===== Exercise inputs

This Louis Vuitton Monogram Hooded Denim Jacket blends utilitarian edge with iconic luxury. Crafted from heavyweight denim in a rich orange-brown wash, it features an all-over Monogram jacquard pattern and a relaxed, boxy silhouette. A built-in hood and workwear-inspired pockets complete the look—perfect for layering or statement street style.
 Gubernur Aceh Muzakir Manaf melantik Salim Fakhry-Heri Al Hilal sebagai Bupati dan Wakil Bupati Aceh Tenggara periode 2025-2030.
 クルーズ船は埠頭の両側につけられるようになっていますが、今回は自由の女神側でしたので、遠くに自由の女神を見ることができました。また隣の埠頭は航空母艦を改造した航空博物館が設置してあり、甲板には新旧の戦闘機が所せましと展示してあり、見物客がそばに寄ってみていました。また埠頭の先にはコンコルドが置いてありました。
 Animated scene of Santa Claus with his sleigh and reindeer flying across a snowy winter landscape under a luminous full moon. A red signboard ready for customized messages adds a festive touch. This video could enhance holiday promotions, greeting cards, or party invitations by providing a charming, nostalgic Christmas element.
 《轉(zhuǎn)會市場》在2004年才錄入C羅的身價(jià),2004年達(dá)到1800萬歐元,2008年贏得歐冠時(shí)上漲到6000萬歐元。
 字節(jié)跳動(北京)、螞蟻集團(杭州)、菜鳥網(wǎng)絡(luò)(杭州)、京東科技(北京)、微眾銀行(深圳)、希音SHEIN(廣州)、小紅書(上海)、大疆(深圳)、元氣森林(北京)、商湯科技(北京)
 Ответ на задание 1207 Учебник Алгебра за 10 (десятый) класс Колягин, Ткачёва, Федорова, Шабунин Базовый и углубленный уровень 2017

==========

Task item: Return all entries exactly.

Reply to the exercise:
This Louis Vuitton Monogram Hooded Denim Jacket blends utilitarian edge with iconic luxury. Crafted from heavyweight denim in a rich orange-brown wash, it features an all-over Monogram jacquard pattern and a relaxed, boxy silhouette. A built-in hood and workwear-inspired pockets complete the look—perfect for layering or statement street style.
 Gubernur Aceh Muzakir Manaf melantik Salim Fakhry-Heri Al Hilal sebagai Bupati dan Wakil Bupati Aceh Tenggara periode 2025-2030.
 クルーズ船は埠頭の両側につけられるようになっていますが、今回は自由の女神側でしたので、遠くに自由の女神を見ることができました。また隣の埠頭は航空母艦を改造した航空博物館が設置してあり、甲板には新旧の戦闘機が所せましと展示してあり、見物客がそばに寄ってみていました。また埠頭の先にはコンコルドが置いてありました。
 Animated scene of Santa Claus with his sleigh and reindeer flying across a snowy winter landscape under a luminous full moon. A red signboard ready for customized messages adds a festive touch. This video could enhance holiday promotions, greeting cards, or party invitations by providing a charming, nostalgic Christmas element.
 《轉(zhuǎn)會市場》在2004年才錄入C羅的身價(jià),2004年達(dá)到1800萬歐元,2008年贏得歐冠時(shí)上漲到6000萬歐元。
 字節(jié)跳動(北京)、螞蟻集團(杭州)、菜鳥網(wǎng)絡(luò)(杭州)、京東科技(北京)、微眾銀行(深圳)、希音SHEIN(廣州)、小紅書(上海)、大疆(深圳)、元氣森林(北京)、商湯科技(北京)
 Ответ на задание 1207 Учебник Алгебра за 10 (десятый) класс Колягин, Ткачёва, Федорова, Шабунин Базовый и углубленный уровень 2017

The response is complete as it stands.